I am playing with Rule 110 of Wolfram cellular automata. Given line of zeroes and ones, you can calculate next line with these rules:
Starting with 00000000....1 in the end you get this sequence:
Just of curiosity I decided to approximate these rules with a polynomial, so that cells could be not only 0 and 1, but also gray color in between:
def triangle(x,y,z,v0):
v=(y + y * y + y * y * y - 3. * (1. + x) * y * z + z * (1. + z + z * z)) / 3.
return (v-v0)*(v-v0)
so if x,y,z and v0 matches any of these rules from the table, it will return 0, and positive nonzero value otherwise.

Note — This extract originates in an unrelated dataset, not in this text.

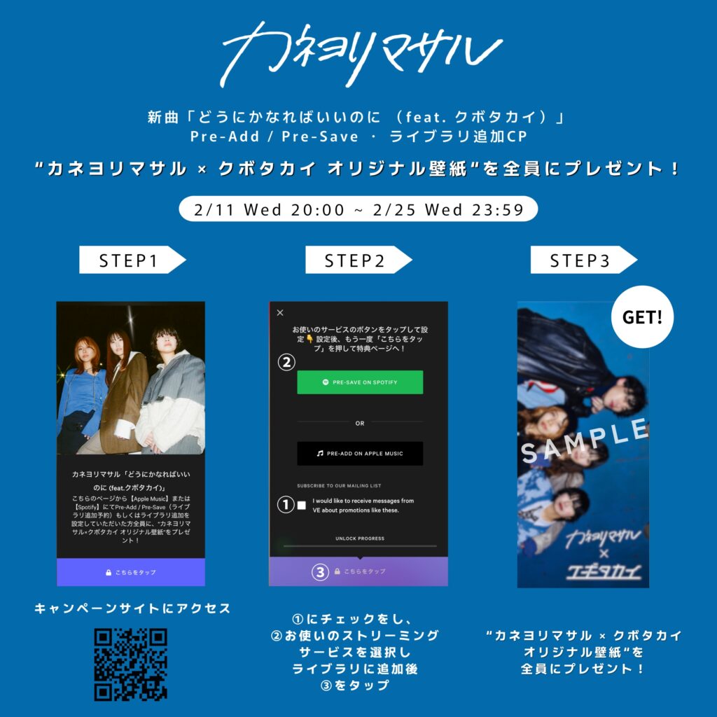 そんな彼女らがシンガーソングライター / ラッパーのクボタカイをフィーチャリングに迎えた初のフィーチャリングソング「どうにかなればいいのに (feat. クボタカイ)」をアルバムに先駆けて本日2月18日(水)配信リリースした。3月11日(水)に2nd Full Album「ヒント」をリリースするカネヨリマサル。

Next I've added all possible groups of 4 neighbors into single sum, which will be zero for integer solutions:
def eval():
s = 0.
for i in range(W - 1):
for j in range(1, W + 1):
xx = x[i, (j - 1) % W]
yy = x[i, j % W]
zz = x[i, (j + 1) % W]
r = x[i + 1, j % W]
s += triangle(xx, yy, zz, r)
for j in range(W - 1): s += x[0, j] * x[0, j]
s += (1 - x[0, W - 1]) * (1 - x[0, W - 1])
return torch.sqrt(s)
Also in the bottom of this function I add ordinary conditions for first line, so that all elements are 0 except last one, which is 1. Finally I've decided to minimize this sum of squares on W*W matrix with pytorch:
x = Variable(torch.DoubleTensor(W,W).zero_(), requires_grad=True)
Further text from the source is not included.